Some says true love is selfless, true love doesnt require expressing, true love does not demand anything in return and all that. I feel this is not right. If love is really a sacred feeling, than y should a person experiencing this feeling ought to suffer by sacrificing/not expressing/not expecting. Nothing is selfless for a normal person (not talking bout saints like mother teresa etcc...). If u love someone with all ur might than u would want to see them happy, and wat could be better you r the reason for it. And u cant keep someone happy without being with him/her, without giving them support when needed, without seeing through tough times together. And for that u have to be with that person and for that u have to EXPRESS ur self.  

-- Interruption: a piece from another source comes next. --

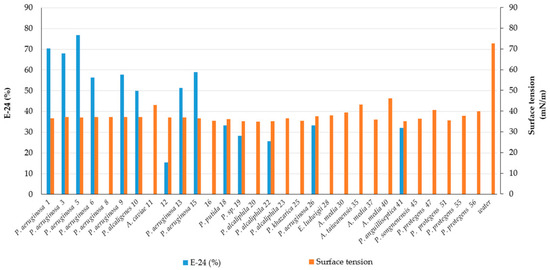 On the other hand, the results of surface tension, measured by the Wilhelmy Plate method, showed a lower variability between strains, detecting values from 35 to 46 (mN·m−1) (Table 1). Figure 1 shows the emulsification indexes E-24(%) and the surface tension activity of the detected “bioactive” intestinal bacteria.

Its my defination of true love. so according to it..True love happens only once. Though it is possible more than once, but its too rare (0.5-1 percent) to be significant. If u do love someone than u cant have the same feelings for some one else. Otherwise its not love. 

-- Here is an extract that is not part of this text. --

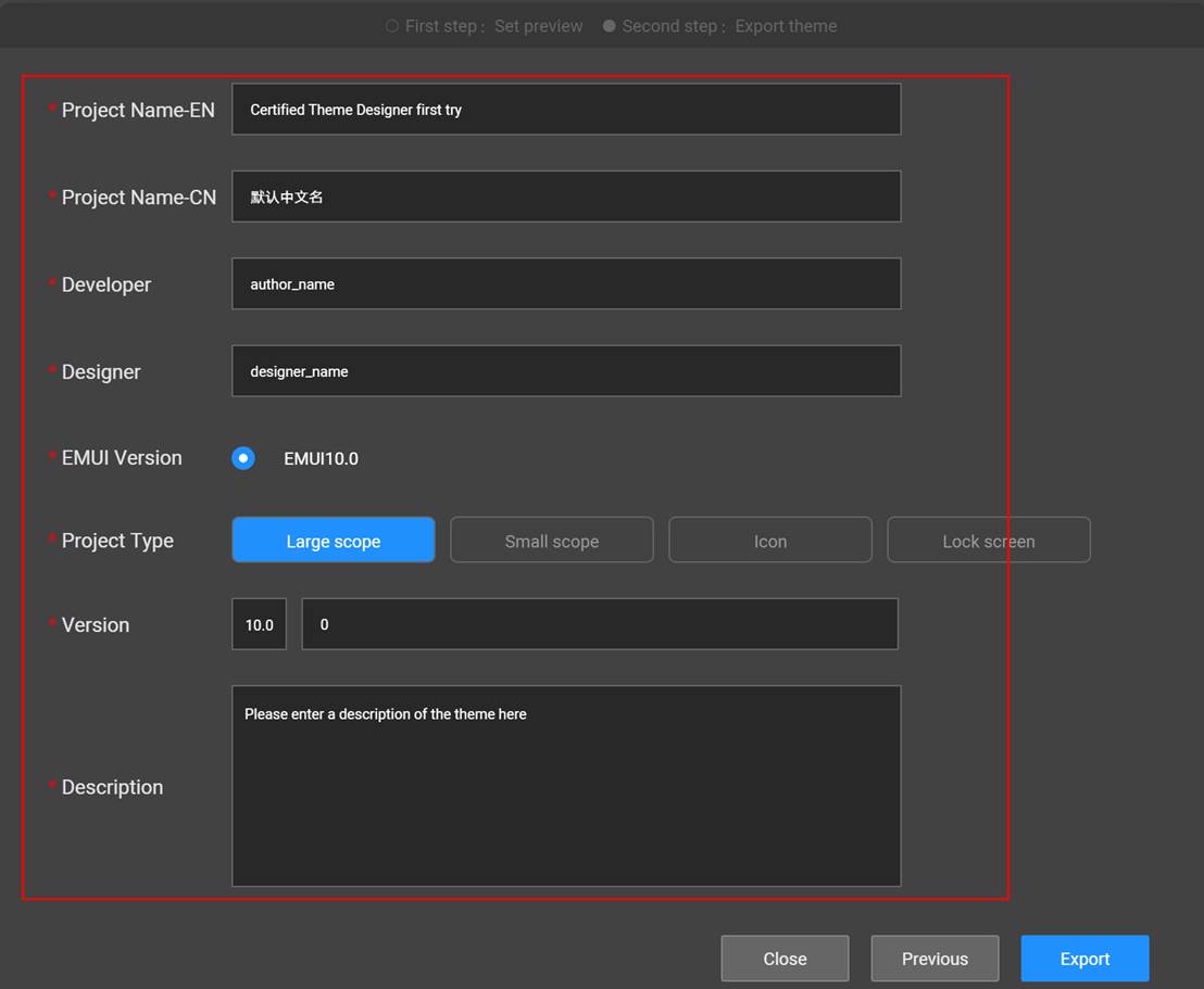 Una vez que haga clic en Siguiente, deberás verificar dos veces el nombre, desarrollador, diseñador, etc. Simplemente puede averiguar qué escribir desde el título. Luego, simplemente puedes presionar "exportar" y elegir la ubicación para obtener tu primer tema.

Just my views ... no offence to anyone.


----------



## sam9s (Jan 5, 2009)

T159 said:


> ^^welcome back  Nice to see you back in forum.
> 
> Well...I have realized that true love can be for more than one person. You have equal feelings for both.



Thanks T, well I still am in US for few more days, work is almost complete and so got the time to fiddle around with my good old thinikdigit friends..... 

I bought quite a few things from US I wanna share, I will when I return on 15jan. 
Did you check out my small review on that *WD media player* I was not able to do much experiment so was not able to update the article but I am dying to get back and put the product on ultimate test, then will post my experience......


----------



## mrintech (Jan 5, 2009)

Betruger said:


> well.. but in my personal observation, * love is most probably* (*95%*) *nothing but a sexual attraction*.. so it has more chances to come back once more.. its nature.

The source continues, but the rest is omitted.